*Extracted data*
=== Begin Enclosure ===

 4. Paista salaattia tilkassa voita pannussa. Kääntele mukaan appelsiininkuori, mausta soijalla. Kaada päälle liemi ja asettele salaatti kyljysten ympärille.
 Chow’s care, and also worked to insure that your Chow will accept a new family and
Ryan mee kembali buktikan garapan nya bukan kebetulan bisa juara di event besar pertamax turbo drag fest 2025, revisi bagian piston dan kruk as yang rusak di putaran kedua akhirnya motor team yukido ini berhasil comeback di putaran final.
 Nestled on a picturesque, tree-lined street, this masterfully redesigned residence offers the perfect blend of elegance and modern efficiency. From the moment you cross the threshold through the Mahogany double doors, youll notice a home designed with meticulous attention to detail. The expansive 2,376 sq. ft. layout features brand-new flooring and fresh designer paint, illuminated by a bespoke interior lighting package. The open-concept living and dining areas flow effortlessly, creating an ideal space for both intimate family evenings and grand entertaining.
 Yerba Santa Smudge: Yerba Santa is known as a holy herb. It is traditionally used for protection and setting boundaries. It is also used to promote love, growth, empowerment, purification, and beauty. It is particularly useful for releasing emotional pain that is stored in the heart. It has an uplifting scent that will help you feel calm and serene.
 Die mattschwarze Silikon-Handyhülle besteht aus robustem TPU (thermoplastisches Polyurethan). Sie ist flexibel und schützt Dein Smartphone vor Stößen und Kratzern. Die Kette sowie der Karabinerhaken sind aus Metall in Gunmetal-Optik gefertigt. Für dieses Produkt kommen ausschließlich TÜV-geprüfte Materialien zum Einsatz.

=== End Enclosure ===
=== Begin Enclosure ===

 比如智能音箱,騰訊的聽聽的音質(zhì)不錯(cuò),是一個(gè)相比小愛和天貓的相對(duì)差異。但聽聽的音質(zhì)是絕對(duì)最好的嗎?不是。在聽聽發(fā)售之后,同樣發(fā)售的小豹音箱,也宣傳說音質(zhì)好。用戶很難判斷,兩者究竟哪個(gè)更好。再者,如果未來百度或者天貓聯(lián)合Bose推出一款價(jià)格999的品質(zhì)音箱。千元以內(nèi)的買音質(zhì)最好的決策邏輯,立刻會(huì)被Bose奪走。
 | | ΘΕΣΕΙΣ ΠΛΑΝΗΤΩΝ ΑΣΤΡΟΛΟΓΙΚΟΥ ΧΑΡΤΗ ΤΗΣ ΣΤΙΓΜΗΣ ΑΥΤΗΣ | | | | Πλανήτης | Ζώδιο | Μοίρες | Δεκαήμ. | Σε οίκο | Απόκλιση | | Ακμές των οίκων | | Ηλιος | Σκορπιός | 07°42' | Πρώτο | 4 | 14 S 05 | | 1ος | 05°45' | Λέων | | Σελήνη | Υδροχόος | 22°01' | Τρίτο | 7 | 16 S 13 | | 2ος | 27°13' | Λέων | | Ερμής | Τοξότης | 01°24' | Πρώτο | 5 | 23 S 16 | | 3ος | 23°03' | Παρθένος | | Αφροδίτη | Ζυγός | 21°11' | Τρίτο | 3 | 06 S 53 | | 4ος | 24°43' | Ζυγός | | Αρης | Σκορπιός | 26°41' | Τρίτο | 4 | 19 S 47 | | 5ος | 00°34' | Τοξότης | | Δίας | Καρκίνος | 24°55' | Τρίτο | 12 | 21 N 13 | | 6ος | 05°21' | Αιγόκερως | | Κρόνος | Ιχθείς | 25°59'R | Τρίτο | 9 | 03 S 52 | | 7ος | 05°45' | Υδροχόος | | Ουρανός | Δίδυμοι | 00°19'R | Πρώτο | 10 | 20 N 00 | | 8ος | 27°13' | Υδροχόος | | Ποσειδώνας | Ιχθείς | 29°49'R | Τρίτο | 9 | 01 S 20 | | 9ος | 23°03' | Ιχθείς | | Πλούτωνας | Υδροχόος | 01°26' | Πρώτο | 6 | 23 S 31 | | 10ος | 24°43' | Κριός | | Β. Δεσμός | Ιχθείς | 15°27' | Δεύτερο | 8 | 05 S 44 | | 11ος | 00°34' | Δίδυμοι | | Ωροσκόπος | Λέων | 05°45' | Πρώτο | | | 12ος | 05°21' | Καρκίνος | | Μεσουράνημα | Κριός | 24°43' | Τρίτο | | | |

=== End Enclosure ===
=== Begin Enclosure ===

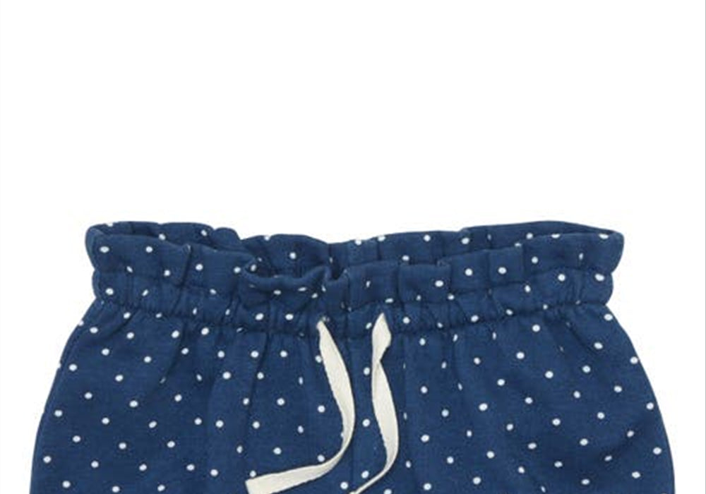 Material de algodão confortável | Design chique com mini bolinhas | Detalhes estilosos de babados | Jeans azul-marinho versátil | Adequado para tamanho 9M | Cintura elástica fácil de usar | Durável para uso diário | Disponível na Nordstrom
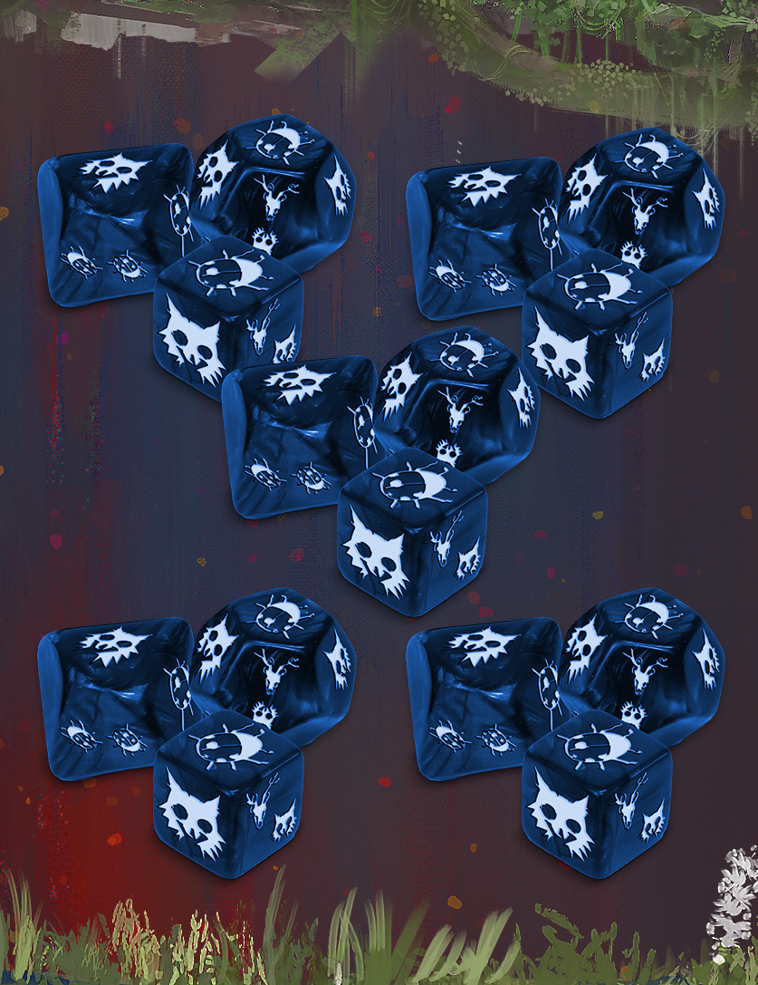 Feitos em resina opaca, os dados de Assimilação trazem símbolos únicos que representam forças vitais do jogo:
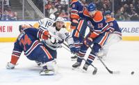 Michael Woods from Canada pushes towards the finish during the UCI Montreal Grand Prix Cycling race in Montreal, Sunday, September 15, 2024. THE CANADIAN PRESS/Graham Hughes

=== End Enclosure ===

*Task goal*
From the entries above, collect every line with the string "that" in it.

*Response below*
 Chow’s care, and also worked to insure that your Chow will accept a new family and
 Yerba Santa Smudge: Yerba Santa is known as a holy herb. It is traditionally used for protection and setting boundaries. It is also used to promote love, growth, empowerment, purification, and beauty. It is particularly useful for releasing emotional pain that is stored in the heart. It has an uplifting scent that will help you feel calm and serene.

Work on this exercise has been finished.